[Task details] Apart from the pictures, everything in the lines below must be printed exactly.

Collected material: Begin

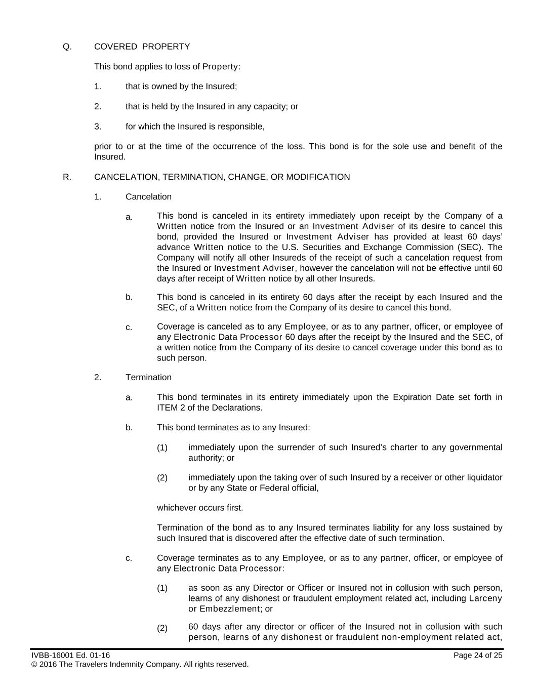 IVBB-16001版。01-16第24页共25页©2016年旅行者赔偿公司。版权所有。问:承保财产本保证金适用于财产损失:1.由被保险人所有的;2.由被保险人以任何身份持有的;或3.在发生损失之前或发生时由被保险人负责的。这笔债券仅供被保险人使用和使用。R.取消、终止、变更或修改1。取消a。只要被保险人或投资顾问至少提前60天向美国证券交易委员会(SEC)提供书面通知,公司在收到被保险人或投资顾问关于其希望取消这笔债券的书面通知后,立即将这笔债券全部取消。公司将在收到被保险人或投资顾问的此类取消请求后通知所有其他被保险人,但取消将在所有其他被保险人收到书面通知后60天后生效。b。本次债券在每个被保险人和SEC收到公司希望取消本次债券的书面通知后60天全部取消。c.在被保险人和SEC收到公司希望取消本次债券的承保范围的书面通知60天后,对任何员工或任何合作伙伴、高级职员或任何电子数据处理器的员工取消承保范围。2.终止a。该债券于声明第2项所载的到期日立即全部终止。b。对于任何被保险人,本保证金终止:(1)在将该被保险人的章程移交给任何政府当局后立即终止;或(2)在接管人或其他清盘人或任何州或联邦官员接管该被保险人后立即终止,以先发生者为准。任何被保险人的债券终止终止对该被保险人在该终止生效日期后发现的任何损失的赔偿责任。c.承保范围终止于任何雇员,或任何电子数据处理商的任何合伙人、高级人员或雇员:(1)任何董事或高级人员或非与该人串通的被保险人一旦知悉任何不诚实或欺诈的雇佣相关行为,包括盗窃或贪污;或(2)被保险人的任何董事或高级人员非与该人串通的60天后,获悉任何不诚实或欺诈的非就业相关行为,
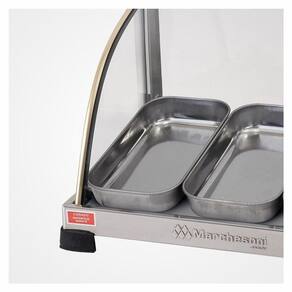 Estufa para salgados ouro de 3 bandejas curva - marchesonise você é proprietário de um bar, lanchonete, padaria ou restaurante, não poderá ficar sem este produto em seu estabelecimento uma maneira prática e eficaz de preservar seus salgados, além de mantê-los mais quentes durante um maior período de tempo. O umidificador, ajuda a evitar que os alimentos sejam desidratados e ressecados, preservando assim, sua textura e sabor.Características:bandejas em aço inoxidável com 3 cm de altura;perfil/friso dourado em plástico abs. Elegantes frisos dourados;termostato bimetálico regulável para economia de energia elétrica;resistência tubular de baixo consumo 250 w - 0,25 kwh;umidificador. Seus produtos sempre fresquinhos;ideal para conservar salgados, pastéis, assados em geral (esfihas, croissants, tortas, empadas).Especificações:marca: marchesonimodelo: ef.2.031-032bandejas: 3comprimento: 34 cmlargura: 42 cmaltura: 280 cmpeso: 6 kgalimentação:220 vconsumo: 250w / 0,25kw/humidificador: simcertificação do inmetro: bra ho 13/0172
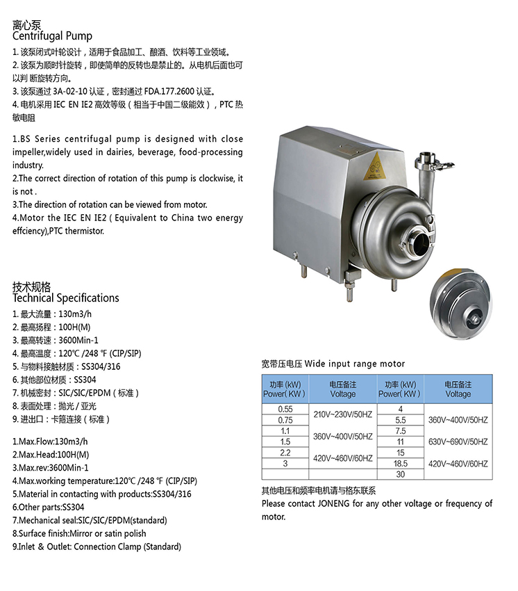 Our centrifugal pump is a sanitary pump that meets the highest sanitary requirements for use in the food-processing and pharmaceutical, dairy, milk, bear industries.

Collected material: End

[Output for this task]
 IVBB-16001版。01-16第24页共25页©2016年旅行者赔偿公司。版权所有。问:承保财产本保证金适用于财产损失:1.由被保险人所有的;2.由被保险人以任何身份持有的;或3.在发生损失之前或发生时由被保险人负责的。这笔债券仅供被保险人使用和使用。R.取消、终止、变更或修改1。取消a。只要被保险人或投资顾问至少提前60天向美国证券交易委员会(SEC)提供书面通知,公司在收到被保险人或投资顾问关于其希望取消这笔债券的书面通知后,立即将这笔债券全部取消。公司将在收到被保险人或投资顾问的此类取消请求后通知所有其他被保险人,但取消将在所有其他被保险人收到书面通知后60天后生效。b。本次债券在每个被保险人和SEC收到公司希望取消本次债券的书面通知后60天全部取消。c.在被保险人和SEC收到公司希望取消本次债券的承保范围的书面通知60天后,对任何员工或任何合作伙伴、高级职员或任何电子数据处理器的员工取消承保范围。2.终止a。该债券于声明第2项所载的到期日立即全部终止。b。对于任何被保险人,本保证金终止:(1)在将该被保险人的章程移交给任何政府当局后立即终止;或(2)在接管人或其他清盘人或任何州或联邦官员接管该被保险人后立即终止,以先发生者为准。任何被保险人的债券终止终止对该被保险人在该终止生效日期后发现的任何损失的赔偿责任。c.承保范围终止于任何雇员,或任何电子数据处理商的任何合伙人、高级人员或雇员:(1)任何董事或高级人员或非与该人串通的被保险人一旦知悉任何不诚实或欺诈的雇佣相关行为,包括盗窃或贪污;或(2)被保险人的任何董事或高级人员非与该人串通的60天后,获悉任何不诚实或欺诈的非就业相关行为,
 Estufa para salgados ouro de 3 bandejas curva - marchesonise você é proprietário de um bar, lanchonete, padaria ou restaurante, não poderá ficar sem este produto em seu estabelecimento uma maneira prática e eficaz de preservar seus salgados, além de mantê-los mais quentes durante um maior período de tempo. O umidificador, ajuda a evitar que os alimentos sejam desidratados e ressecados, preservando assim, sua textura e sabor.Características:bandejas em aço inoxidável com 3 cm de altura;perfil/friso dourado em plástico abs. Elegantes frisos dourados;termostato bimetálico regulável para economia de energia elétrica;resistência tubular de baixo consumo 250 w - 0,25 kwh;umidificador. Seus produtos sempre fresquinhos;ideal para conservar salgados, pastéis, assados em geral (esfihas, croissants, tortas, empadas).Especificações:marca: marchesonimodelo: ef.2.031-032bandejas: 3comprimento: 34 cmlargura: 42 cmaltura: 280 cmpeso: 6 kgalimentação:220 vconsumo: 250w / 0,25kw/humidificador: simcertificação do inmetro: bra ho 13/0172
 Our centrifugal pump is a sanitary pump that meets the highest sanitary requirements for use in the food-processing and pharmaceutical, dairy, milk, bear industries.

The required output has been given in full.